TASK REQUIREMENTS: Starting at the line that contains "The complete engine", reproduce only the lines through the end of the data, exactly, including both the first and the last; skip the pictures.

DATA BLOCK:

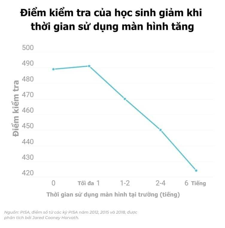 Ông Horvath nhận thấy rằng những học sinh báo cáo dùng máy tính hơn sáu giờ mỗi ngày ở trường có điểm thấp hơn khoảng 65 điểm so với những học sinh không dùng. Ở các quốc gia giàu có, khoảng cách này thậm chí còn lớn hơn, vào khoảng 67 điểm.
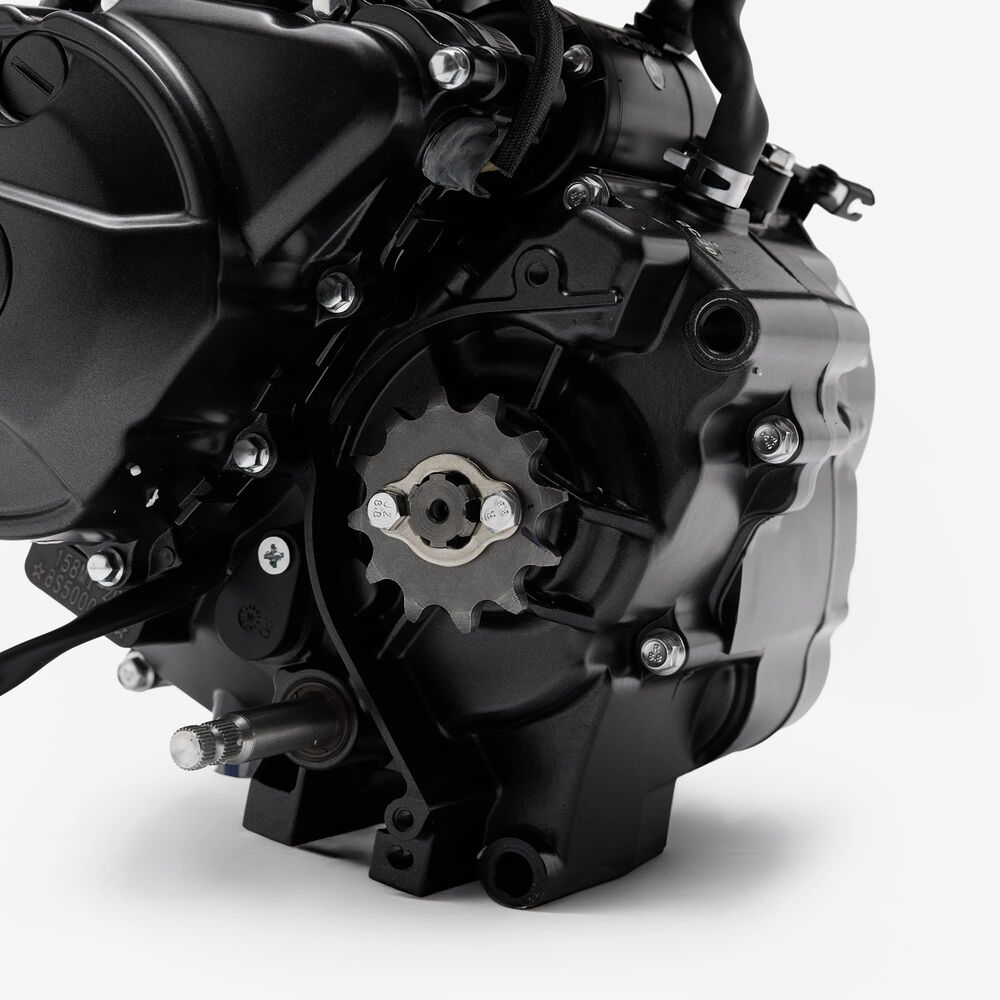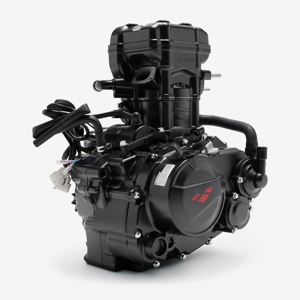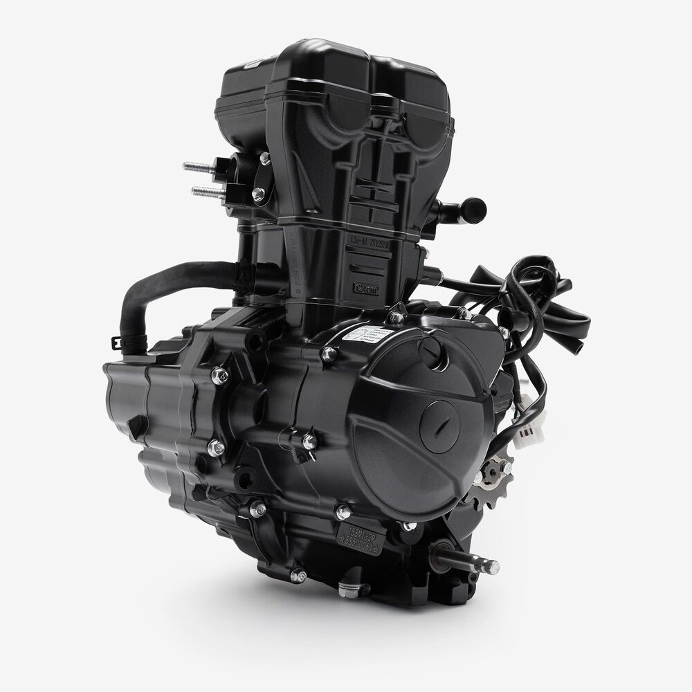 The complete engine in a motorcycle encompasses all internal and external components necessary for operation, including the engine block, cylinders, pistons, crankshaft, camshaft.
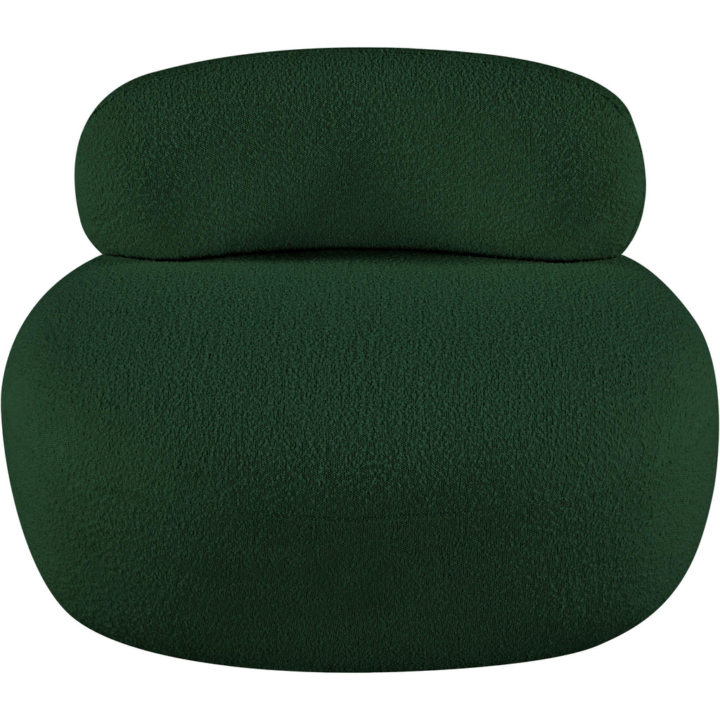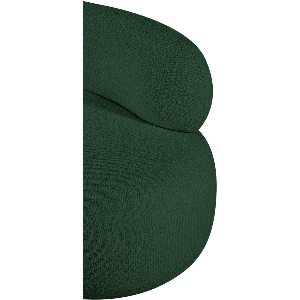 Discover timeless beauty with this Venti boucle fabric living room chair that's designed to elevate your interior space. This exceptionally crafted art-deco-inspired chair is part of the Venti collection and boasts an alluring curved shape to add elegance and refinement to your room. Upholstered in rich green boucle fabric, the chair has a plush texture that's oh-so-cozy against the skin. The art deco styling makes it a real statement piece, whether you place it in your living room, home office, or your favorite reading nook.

ANSWER FOR THE TASK:
 The complete engine in a motorcycle encompasses all internal and external components necessary for operation, including the engine block, cylinders, pistons, crankshaft, camshaft.
 Discover timeless beauty with this Venti boucle fabric living room chair that's designed to elevate your interior space. This exceptionally crafted art-deco-inspired chair is part of the Venti collection and boasts an alluring curved shape to add elegance and refinement to your room. Upholstered in rich green boucle fabric, the chair has a plush texture that's oh-so-cozy against the skin. The art deco styling makes it a real statement piece, whether you place it in your living room, home office, or your favorite reading nook.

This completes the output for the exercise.